It used to be that it was all about how boys did me wrong, how they threw deceptively inviting smiles my way and bought me that drink and looked oh so cute and danced all intimate-like with me and took my number and waited days and days to never call and disappeared like smoke.
But at a certain point—long after I stopped expecting any chance nighttime encounters to be anything more than a fleeting flirtation—I realized, I was doing it, too. (Sort of makes you think of how they say children of wife beaters will grow up to become wife beaters themselves, and how no matter how much you deny you will ever raise your children like your parents raised you, your parenting style becomes remarkably like theirs. Damn.)
I guess the trick is to become your own worst nightmare and be the hustler who views all members of the male gender as dispensable. (I know, I know: all those hours condemning the jaded views of older men… what a hypocrite, right?) Which they sort of are by now, anyway.

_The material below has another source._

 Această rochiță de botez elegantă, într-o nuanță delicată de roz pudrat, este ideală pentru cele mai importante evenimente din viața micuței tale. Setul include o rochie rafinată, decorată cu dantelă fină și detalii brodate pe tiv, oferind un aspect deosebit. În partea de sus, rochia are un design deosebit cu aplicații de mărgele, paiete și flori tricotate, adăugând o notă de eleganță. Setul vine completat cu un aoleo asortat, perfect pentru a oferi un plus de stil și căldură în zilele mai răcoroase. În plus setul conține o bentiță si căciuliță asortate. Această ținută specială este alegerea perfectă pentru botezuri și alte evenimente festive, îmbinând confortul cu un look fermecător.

Last night, we’re out at Hiro Ballroom for a birthday celebration, and after an hour or so, the night’s already starting to wind down. Since I’m sort of off the market anyway (thank goodness), I start flexing the feminine wiles for the hell of it. When a guy passes me by in the crowd, I flash a coy little smile at him just to see what it’ll do. He stops, then slips his hand around my waist.

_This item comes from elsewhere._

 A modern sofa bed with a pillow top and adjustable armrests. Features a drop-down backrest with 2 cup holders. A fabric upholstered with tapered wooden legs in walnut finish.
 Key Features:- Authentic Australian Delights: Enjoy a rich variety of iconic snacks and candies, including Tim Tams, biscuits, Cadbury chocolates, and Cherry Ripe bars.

“Wanna dance?” he whispers in my ear.
I step back, hold my hand out and shake my head. “Nuh-uh, honey. Move on,” I snap.
As he moves on, blinking and looking utterly nonplussed, I spot my next victim.

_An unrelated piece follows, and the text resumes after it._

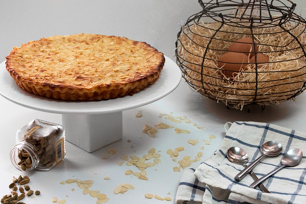 Untamos el molde elegido con la mantequilla y vertemos la mezcla en el interior. Espolvoreamos por encima con la almendra laminada y metemos en el horno 30 minutos. Podemos dejar un minuto en el horno con función gratinador para darle un poco de color.

“I feel like getting a drink,” I tell Deb from my group, then set off. “Hey, what’s your name,” I say, sidling up to my target. Alan looks taken aback by the random assertive girl, but looks relieved and even a little thrilled that I’ve spared him the work of the approach. I ask him a few more questions (“What you doin’ here tonight? Who you with?”) but I honestly don’t recall any of his answers nor do I care much.
“Do you want to maybe grab a drink?” he finally asks.
“Well, I shouldn’t…” I begin, feigning hesitation. “But why not.”
At the bar, we order Red Bull vodkas and talk some more. It’s the polite thing to do, right? Guy buys you a drink, you keep him company while it lasts. Having paid my due, I’m starting to get bored, and anyway I notice my friends are starting to trickle out the door.
“I think I’m going to go home,” I announce while he’s in the middle of telling me about his childhood in Southeast Asia.
Alan thinks I’m bluffing. “Go ahead,” he says, grinning and rubbing my arm.
“Okay,” I reply, then promptly turn around and leave the club. I looked back once to see him staring at me like a goldfish. I can’t lie: I’m a little smug.